INFORMATION GIVEN Start Marker
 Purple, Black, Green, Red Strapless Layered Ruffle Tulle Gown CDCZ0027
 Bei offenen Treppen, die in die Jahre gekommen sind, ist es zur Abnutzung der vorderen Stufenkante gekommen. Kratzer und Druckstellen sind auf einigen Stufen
INFORMATION GIVEN End Marker
INFORMATION GIVEN Start Marker
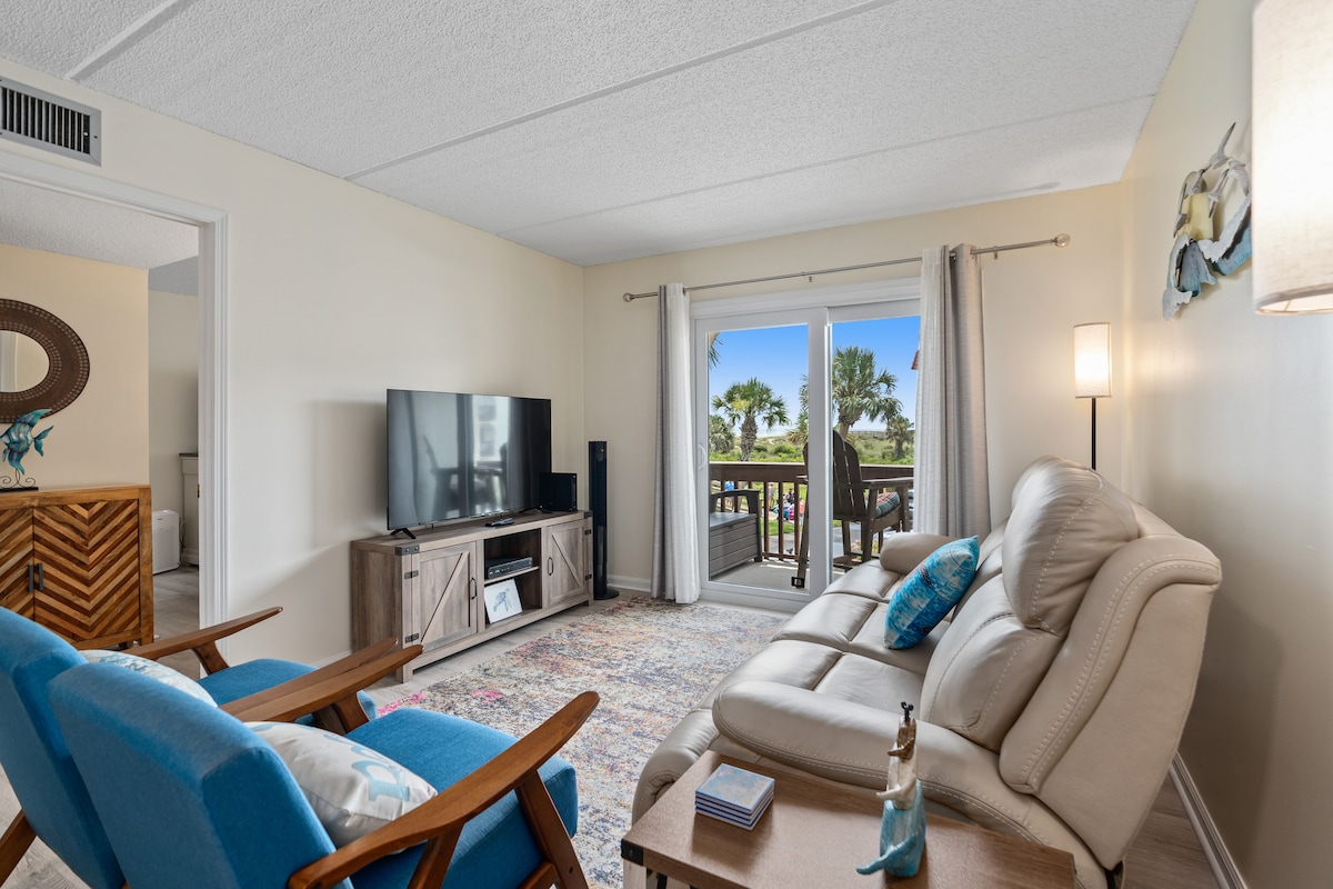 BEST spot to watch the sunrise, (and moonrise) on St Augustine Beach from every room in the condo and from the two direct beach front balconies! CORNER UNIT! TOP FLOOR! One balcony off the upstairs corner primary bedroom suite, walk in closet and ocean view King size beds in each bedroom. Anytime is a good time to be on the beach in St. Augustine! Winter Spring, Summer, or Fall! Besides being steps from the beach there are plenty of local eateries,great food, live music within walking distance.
INFORMATION GIVEN End Marker
INFORMATION GIVEN Start Marker
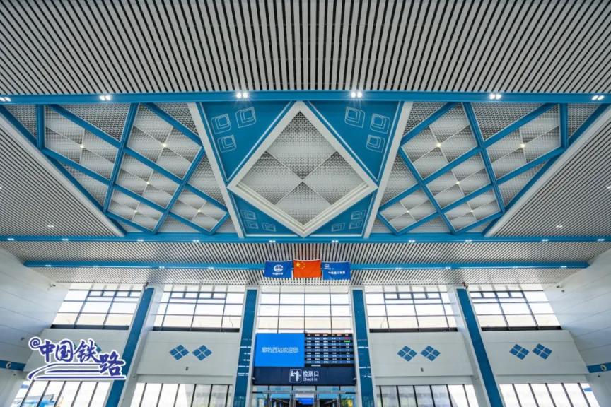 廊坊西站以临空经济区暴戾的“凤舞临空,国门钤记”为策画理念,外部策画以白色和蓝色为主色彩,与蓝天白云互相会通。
INFORMATION GIVEN End Marker
TASK TO COMPLETE:
Each line in the listing above from the one containing "Purple, Black, Green, Red" through the one containing "Bei offenen Treppen, die" should be repeated exactly, and no other line.

ANSWER SPACE:
 Purple, Black, Green, Red Strapless Layered Ruffle Tulle Gown CDCZ0027
 Bei offenen Treppen, die in die Jahre gekommen sind, ist es zur Abnutzung der vorderen Stufenkante gekommen. Kratzer und Druckstellen sind auf einigen Stufen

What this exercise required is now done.